An Empirical Study on the Impact of Refactoring on Quality Metrics in Android Applications (IST2022)
This repository contains all the material required to replicate our analysis, including (1) the data (2) the statistical analysis scripts, and (3) the analysis results.
The data used for this study can be obtained by executing the java proram available in the Script folder.
- RefactoringMiner: RefactoringMiner is a library/API written in Java that can detect refactorings applied in the history of a Java project (Availaible here).
- Ck-metrics: CK calculates class-level and method-level code metrics in Java projects by means of static analysis (Availaible here).
- Understand: Calculates also the code metrics. Understand is not available in the Maven Central Repository (Availaible here).
- To run this java project, you will need the Eclipse Mars EE (Availaible here).
- You simply have to start a Java Project in Eclipse. This project is a maven project so you need import it as maven.

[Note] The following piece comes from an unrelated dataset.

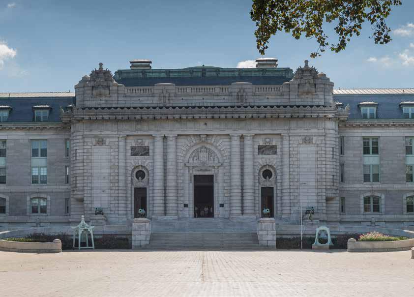 Sampson, Mahan, and Carter Halls are the inter-connected academic buildings designed by architect Ernest Flagg and constructed in 1907. The complex is home to the Naval Academy’s School of Humanities and Social Sciences. Sampson Hall, named for 13th Superintendent Rear Adm. William T. Sampson, is where English and history courses are taught. Mahan Hall, named for naval historian Rear Adm. Alfred Thayer Mahan, housed the library until 1973. The main level has an auditorium that is used for a wide variety of campus events, including performances by midshipman activity groups such as the Masqueraders. Carter Hall is named for 1947 USNA graduate, 39th President of the United States, and Nobel Peace Prize laureate Jimmy Carter. Carter Hall houses the Political Science and Languages & Cultures Departments.

- RefactoringMiner and CK-metrics are already integrated to the Java project as a maven dependency, you need just to check the pom.xml file and verify the version of the used tools; if they are updated you need just to change the version, else you keep it.
- Understand is not available in the Maven Central Repository so it is executed from the command line just you should be sure that you have installed understand in your PC.
- Before running the project, you need also to change the path where you will clone the projects (“DIRECTORY_GIT”) in Utils.java.
- Run the project. As a result you will have for each application two CSV files “ref_sb_ck.csv” and “ctrl_sb_ck.csv”. The first contain the list of applied refactorings and the quality metrics before and after each refactoring operation (Treatement Group). The second one contained the quality metrics before and after a commit that did not contain a refactoring (Control group).
The totality of the statistical analysis scripts utilized for the study are available in Analysis_scripts folder:
- Apriori.py: Performs analysis related to RQ2 by measuring the support, confidence, lift and leverge values.
- Analysis_RQ2.R: Performs analysis related to RQ2 by performing the Chi-square and Cramer's V tests.
- Analysis_RQ13:P Performs analysis related to RQ1 and RQ3 by performing the the Wilcoxon rank-sum test and Cliff's delta.
The data used for the analysis is available in Data folder where we can found the list of refactoring and quality metrics for the treatement group as well as the control group.